▶ [Data shown]
--- START ---

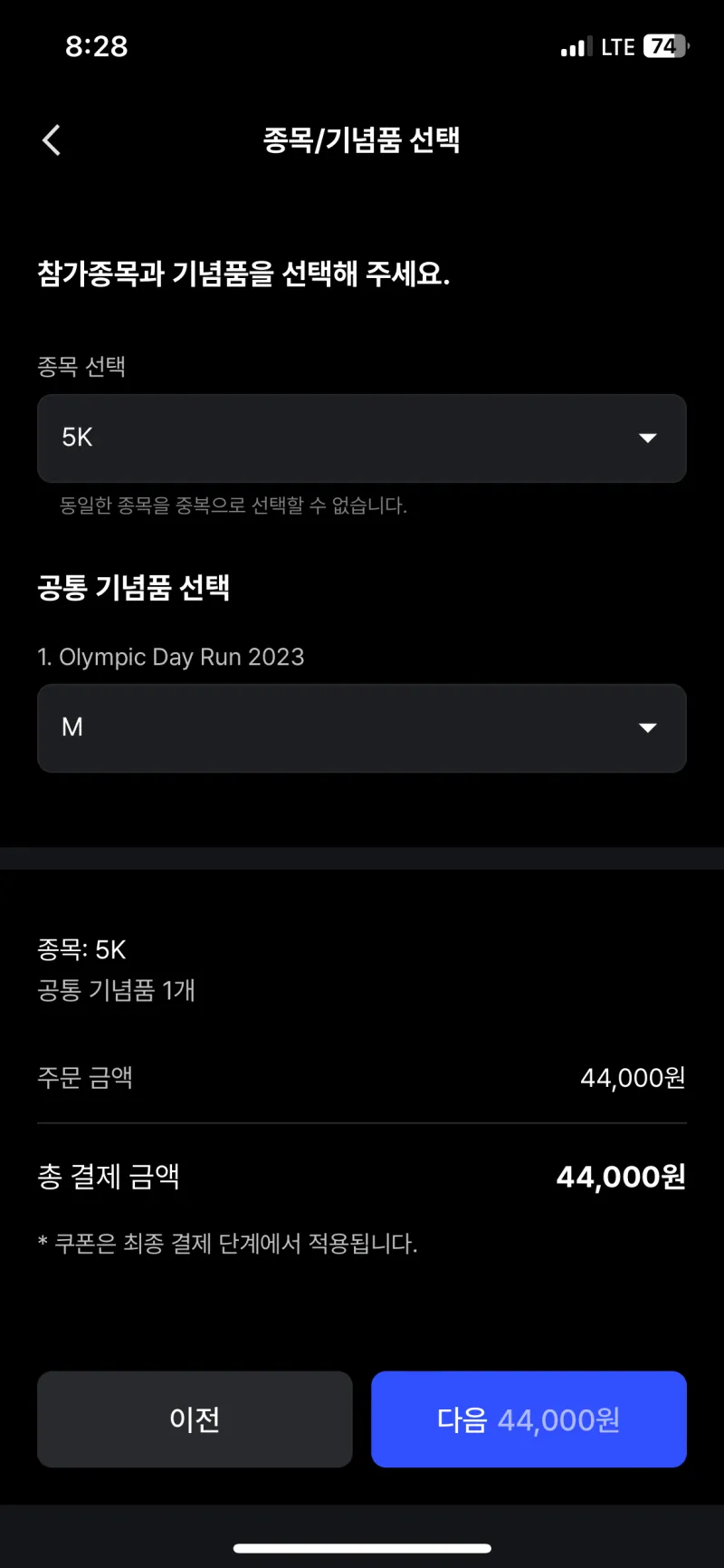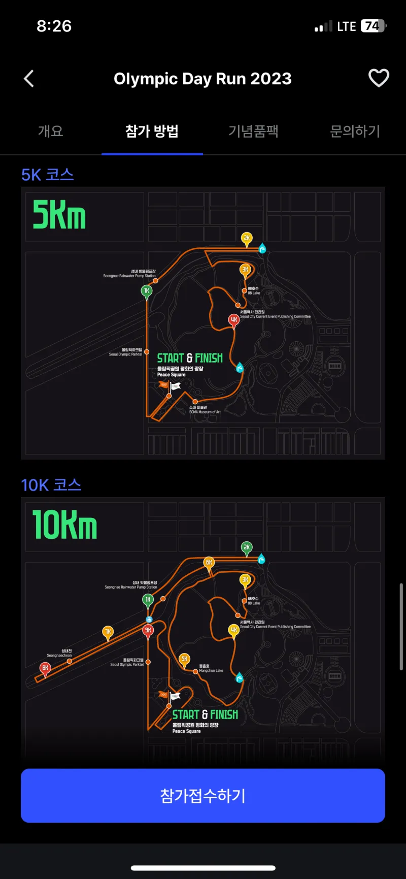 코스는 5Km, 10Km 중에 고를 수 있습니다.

--- END ---
--- START ---

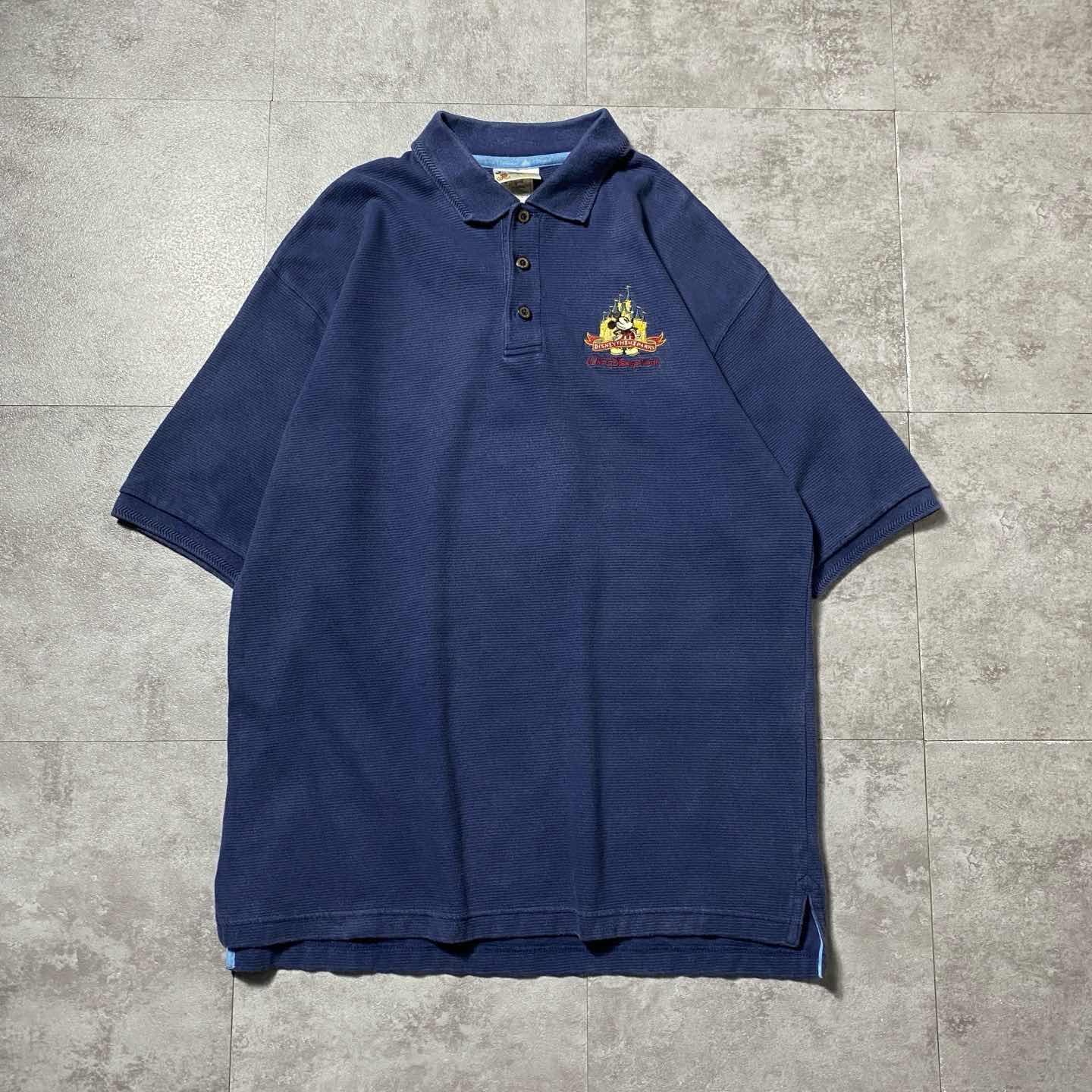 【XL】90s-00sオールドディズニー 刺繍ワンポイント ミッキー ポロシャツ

--- END ---
--- START ---

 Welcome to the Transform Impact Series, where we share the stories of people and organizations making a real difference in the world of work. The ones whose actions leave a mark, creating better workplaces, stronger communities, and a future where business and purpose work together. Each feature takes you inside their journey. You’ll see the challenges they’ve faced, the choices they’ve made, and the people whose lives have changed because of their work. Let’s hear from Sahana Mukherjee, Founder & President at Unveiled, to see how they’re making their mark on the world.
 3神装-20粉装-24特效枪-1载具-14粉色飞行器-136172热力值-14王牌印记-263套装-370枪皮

--- END ---

▶ [Description of the task]
From the records above, give again exactly the lines running from the line with "Welcome to the" to the line with "3神装-20粉装-24特效枪", inclusive.

▶ [Your response]
 Welcome to the Transform Impact Series, where we share the stories of people and organizations making a real difference in the world of work. The ones whose actions leave a mark, creating better workplaces, stronger communities, and a future where business and purpose work together. Each feature takes you inside their journey. You’ll see the challenges they’ve faced, the choices they’ve made, and the people whose lives have changed because of their work. Let’s hear from Sahana Mukherjee, Founder & President at Unveiled, to see how they’re making their mark on the world.
 3神装-20粉装-24特效枪-1载具-14粉色飞行器-136172热力值-14王牌印记-263套装-370枪皮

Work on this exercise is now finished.